The International Organisation of Securities Commissions (IOSCO) and the Bank of International Settlements (BIS) have called for strict monitoring of high frequency trading (HFT) across global currency and securities markets to ward off ‘flash' crashes.

Citing the recent Japanese Yen crash of 300 pips in 25 minutes on March 17, 2011 (see box) against the US dollar and the 5-6 per cent Dow Jones index collapse within minutes on May 6, 2010 (flash crash), the agencies said this was due to the unfair advantage HFT commanded.

Both the agencies said that providers of HFT liquidity could distort market prices away from fundamental values and impair the price discovery process due to their high volume and speed of execution.

Hence, HFT liquidity was actually a mirage, said BIS.

In India, the Securities and Exchange Board of India (SEBI) set up a Technology Advisory Committee in March 2010 to advise on issues relating to HFT, co-location and security issues related to internet based trading.

Both IOSCO and BIS concerns are that traditional market makers (those who provide liquidity) could either reduce or stop market making and move to less transparent venues.

There was no guarantee on the quality of the bid-ask quotation as drying up of liquidity could result in widening of spreads (difference between buying and selling prices) even by designated market makers.

BIS was concerned over the increasing similarity between the currency (Fx) and equity markets as Fx was increasingly becoming a more order driven market than quote driven.

Though participants were unsure whether this was necessarily bad, order driven markets have the potential to be more vulnerable to issues associated with insufficient liquidity whereas a quote driven market provides a clearer and more continuous indication of market pricing, said BIS.


IOSCO said that regulators should ensure that trading venues do not use fees, incentive schemes, rebates and inducements for providing liquidity as a tool that results in unfair, non-transparent and /or discriminatory access to a trading venue.

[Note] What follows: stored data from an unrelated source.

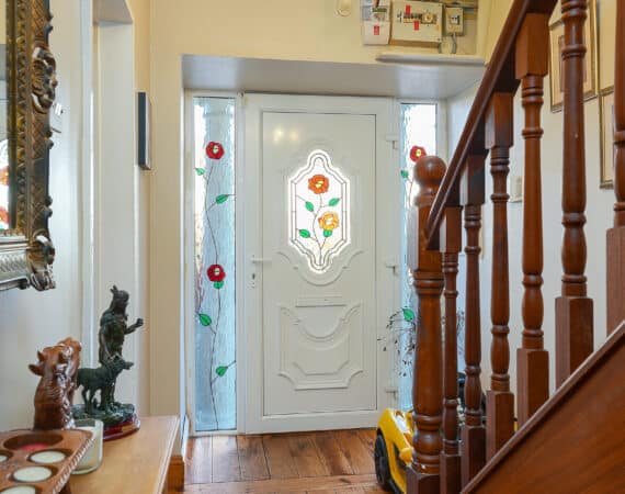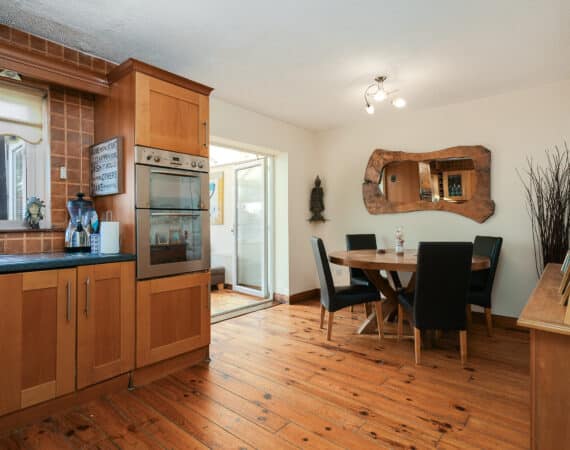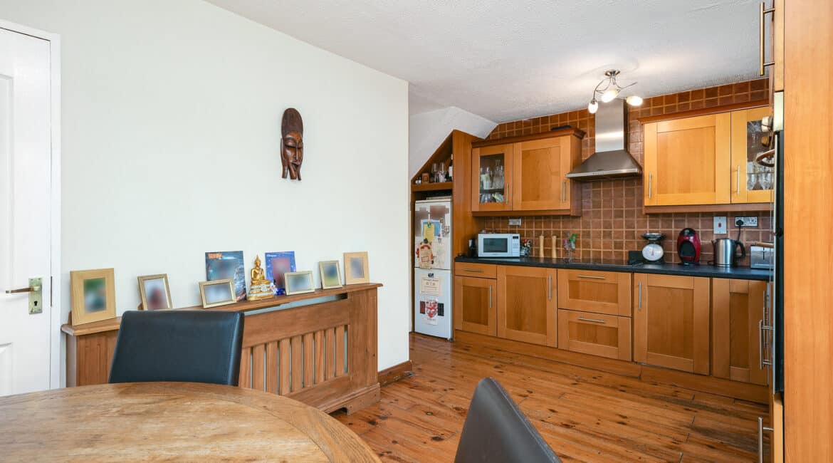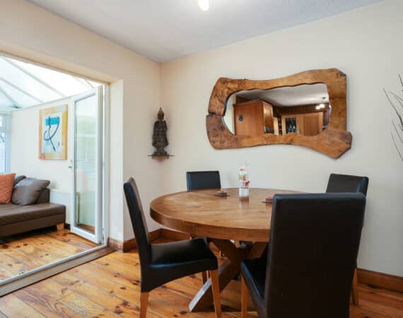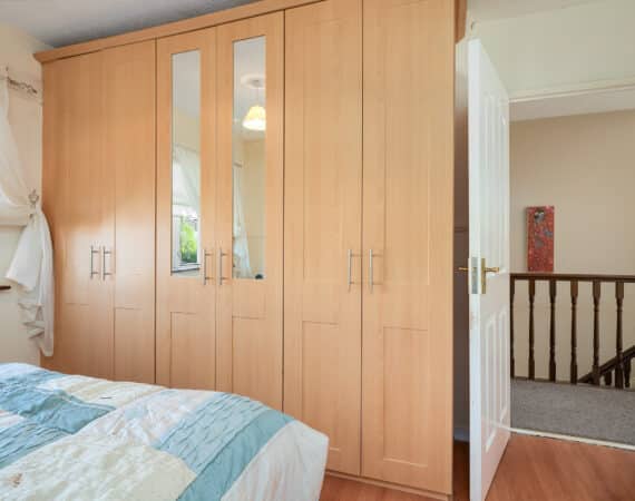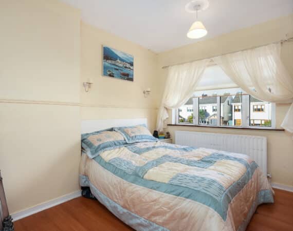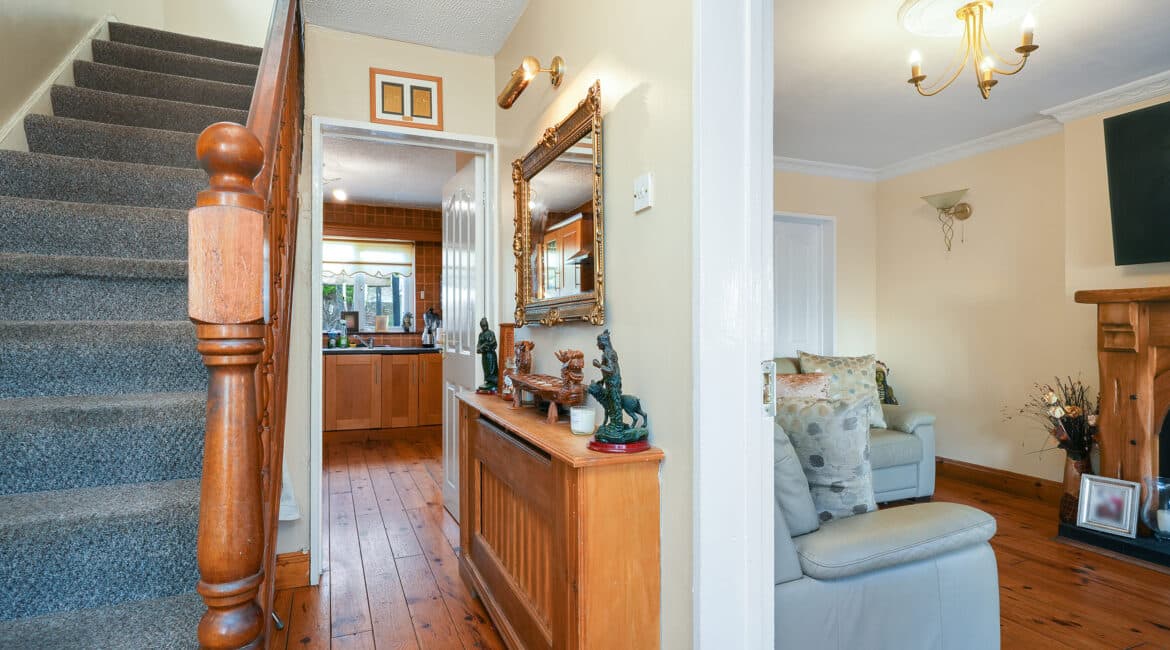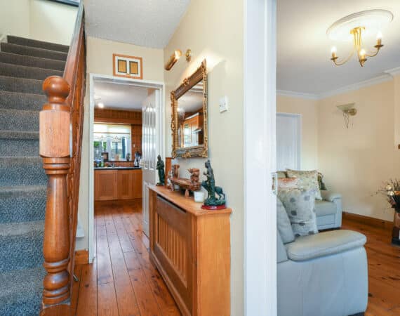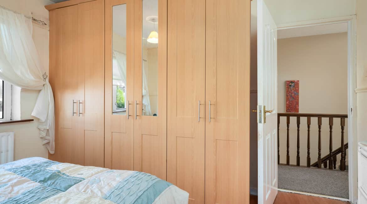 Internally, the property offers approximately 93 sq.m of bright, well-proportioned accommodation. The ground floor comprises an inviting entrance hallway, a spacious lounge with fireplace, a fully fitted kitchen, an open-plan living/dining area, and a conservatory that opens onto a sunny south-facing rear garden. Upstairs, there are two generously sized double bedrooms, a single bedroom, and a family bathroom. Presented in good condition throughout, this home benefits from double-glazed windows, gas-fired central heating, built-in wardrobes, high-quality flooring, and a low-maintenance rear garden. To the rear lies a particularly private, sunny west-facing garden—ideal for outdoor dining and family activities—with the added bonus of a side entrance for extra convenience. No. 5 Huntstown Road offers a superb opportunity to acquire a home in a family-friendly location with all conveniences close to hand.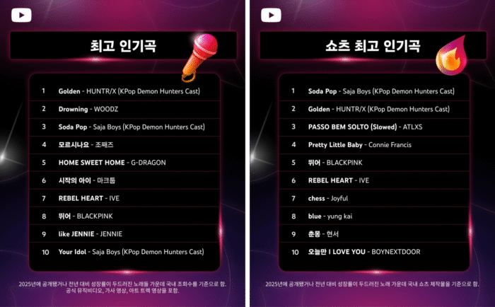 2025년 유튜브 최고 인기곡 리스트를 살펴보면 아무래도 가장 먼저 눈에 띄는 건 케이팝 데몬 헌터스의 강세입니다. 극 중 가상의 아이돌 그룹 헌트릭스의 ‘Golden’, 사자 보이즈의 ‘Soda Pop’과 ‘Your Idol’까지 총 세 곡이 톱10에 나란히 올랐죠. 다만 이 결과를 단순히 콘텐츠 자체의 인기로만 보기보다는 팬 커버, 댄스 챌린지, AI 커버 영상 등 다양한 형식으로 재생산되고 유통된 결과라는 점에 주목할 필요가 있어요.
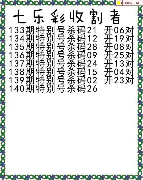 首页〉 七乐彩杀号 走势图 七乐彩预测七乐彩杀号七乐彩技巧天齐图库走势图工具试机号 七乐彩25年140期收割者特别号杀码图迷 发布时间:2025-12-06 08:17 走势图:七乐彩基本走势图七乐彩期尾走势图 推荐:宝彩APP 免费方案 智能荐号 热点导航 公告: 天齐新版APP<中大多>上线,点击领鲜 最新文章 中大多 七乐彩第2025140徐文选3D直选已更新 七乐彩第2025140小蓝精灵独胆9中6 2025139期彩宝贝七乐彩十大专家杀号定胆汇总 (四张)25139期澳客七乐彩专家杀号25139期彩经网七乐彩十大专家组选杀号黄忠2025139期七乐彩专家杀一码图七乐彩2025139期降龙罗汉杀号图2025年钟馗139期七乐彩杀特别号码图 更多七乐彩杀号 > 福彩3D 双色球 大乐透 排列三 更多> 3D胆码 3D预测 3D字谜 3D图谜 解太湖 3D条件 3D杀码 P3预测 P3图谜 P3字谜 P3条件 P3胆码 P3杀码 热点导航 天齐图库 走势图 工具图表 试机号 宝彩专家 智能荐号 菜单导航 关闭 福彩3D 3D专家 3D胆码 3D预测 3D字谜 3D图谜 解太湖 3D条件 3D杀码 3D技巧 3D走势图 体彩P3/P5 P3专家 P3预测 P3图谜 P3字谜 P3条件 P3胆码 P3杀码 P5预测 P3走势图 双色球 双色球专家 双色球预测 双色球杀号 双色球字图 双色球胆码 双色球走势 双色球技巧 大乐透 大乐透专家 大乐透预测 大乐透杀号 大乐透胆码 大乐透技巧 大乐透走势 天齐图库 七星彩 七星彩专家 七星彩预测 七星彩图谜 七星彩杀号 七星彩技巧 七星彩走势 天齐走势 七乐彩 七乐彩专家 七乐彩预测 七乐彩杀号 七乐彩技巧 七乐彩走势 热点导航 彩宝网 宝彩网 宝彩网 开奖公告 宝彩专家 牛票票

It said regulators should require trading venue operators to be nimble to the demands of the nature, scale and speed of trading activity and have adequate control mechanisms to throttle market disruptions due to sudden volatile price movements.

Regulators should not allow trading venue operators to offer direct electronic access without proper checks and balances with regard to creditworthiness, legally binding client intermediary agreement, KYC for better surveillance, access to pre- and post-trade information and controls at all market and intermediary levels, said IOSCO.

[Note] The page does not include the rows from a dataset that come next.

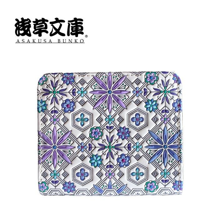 白革に重ねる彩色の芸術品 ギフトにもオススメです 二つ折りファスナー財布 花菱柄 【ブルー】 サイフ 女性用 浅草文庫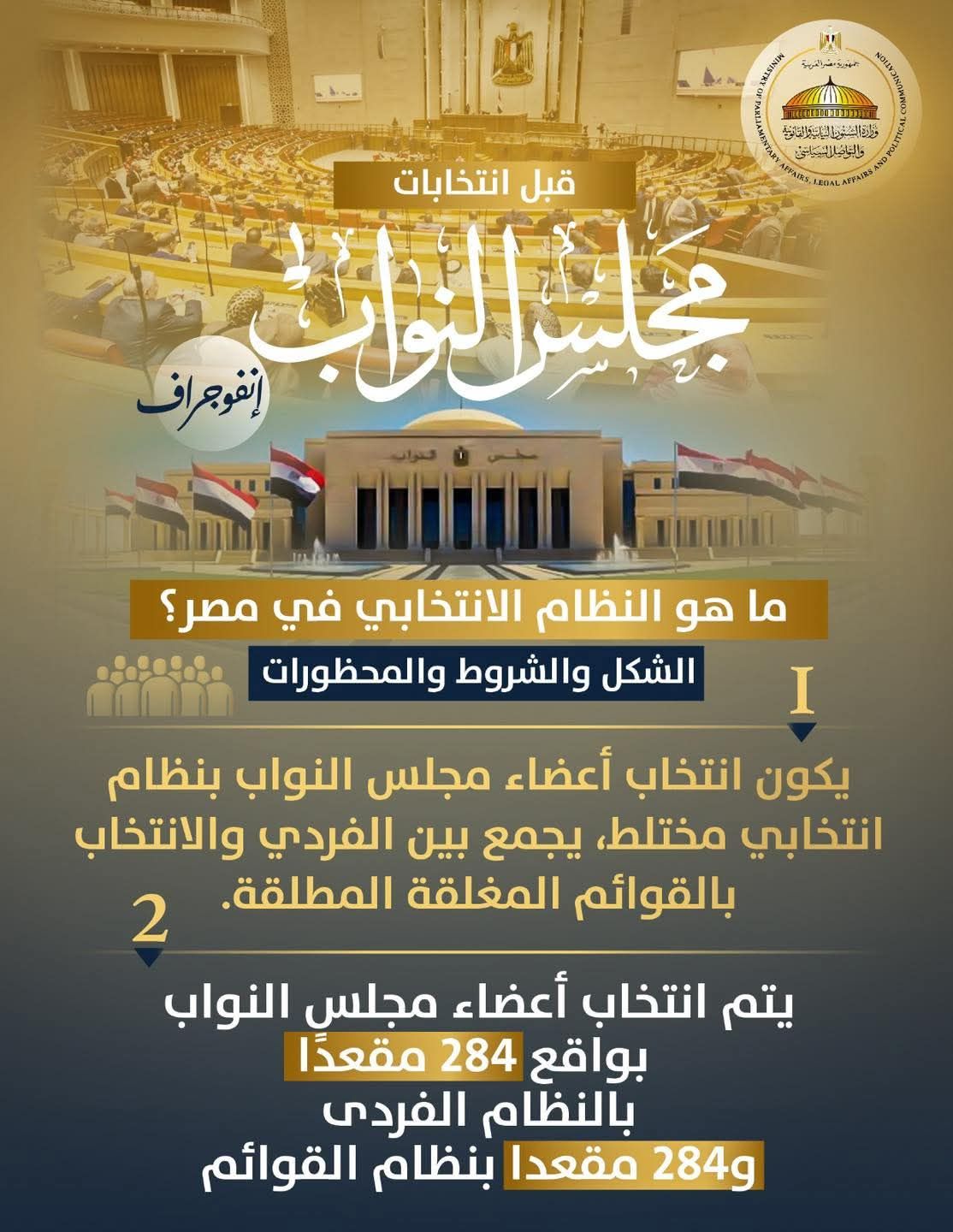 نشرت وزارة الشؤون النيابية والقانونية والتواصل السياسي انفوجرافًا ضمن حملة توعوية للتعريف بنظام انتخابات مجلس النواب قبل انطلاق الاستحقاق الانتخابي المرتقب.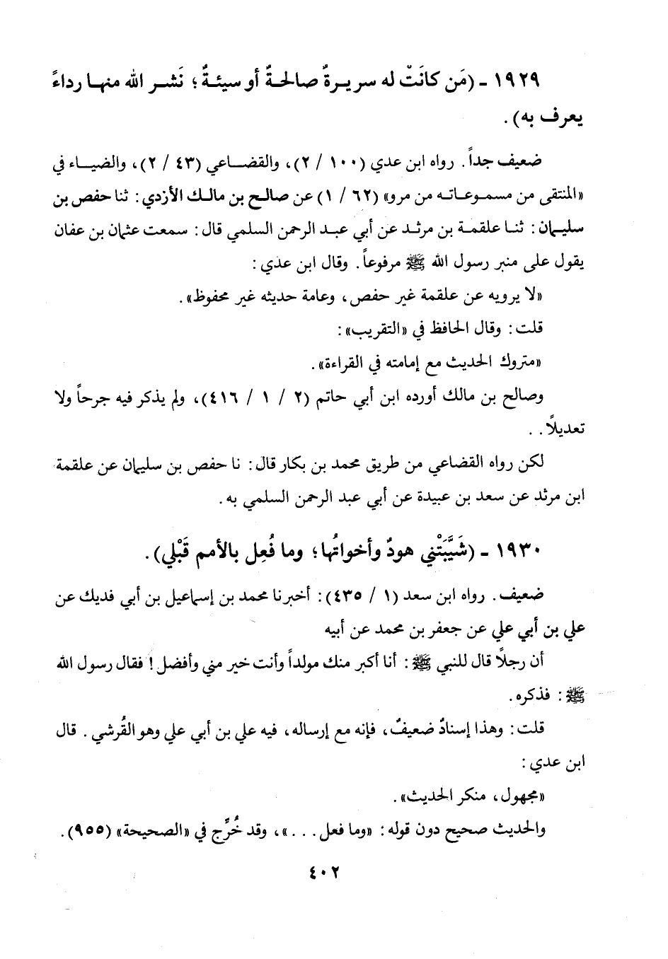 علي وهو القرشي. قال ابن عدي: " مجهول، منكر الحديث ". والحديث صحيح دون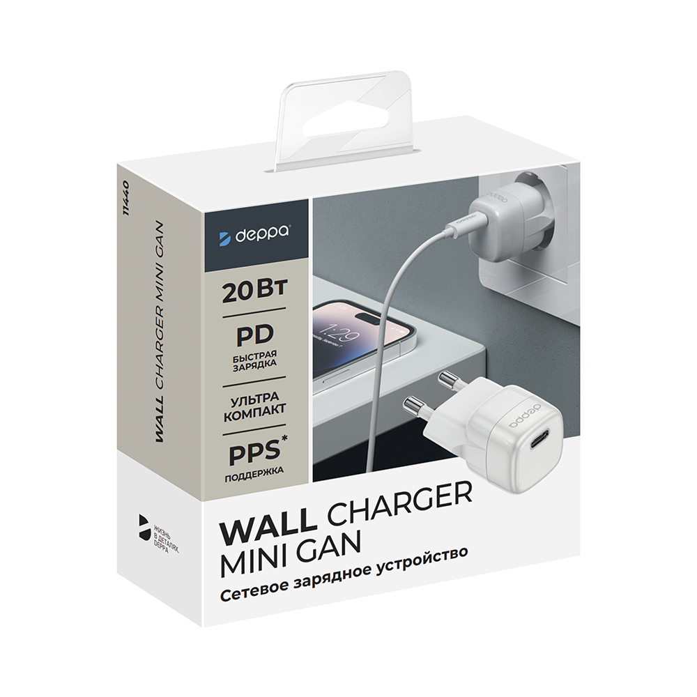 СЗУ Deppa 11440 Type-C PD mini GaN 20Вт White

Regulators should continuously ensure that risks to market integrity and efficiency by the use of technology (especially algorithmic and HFT) does not occur by taking suitable measures to mitigate risks to price formation or to the resiliency and stability of markets.

Market authorities should monitor for novel forms or variations of market abuse that may arise as a result of technological developments and take necessary action.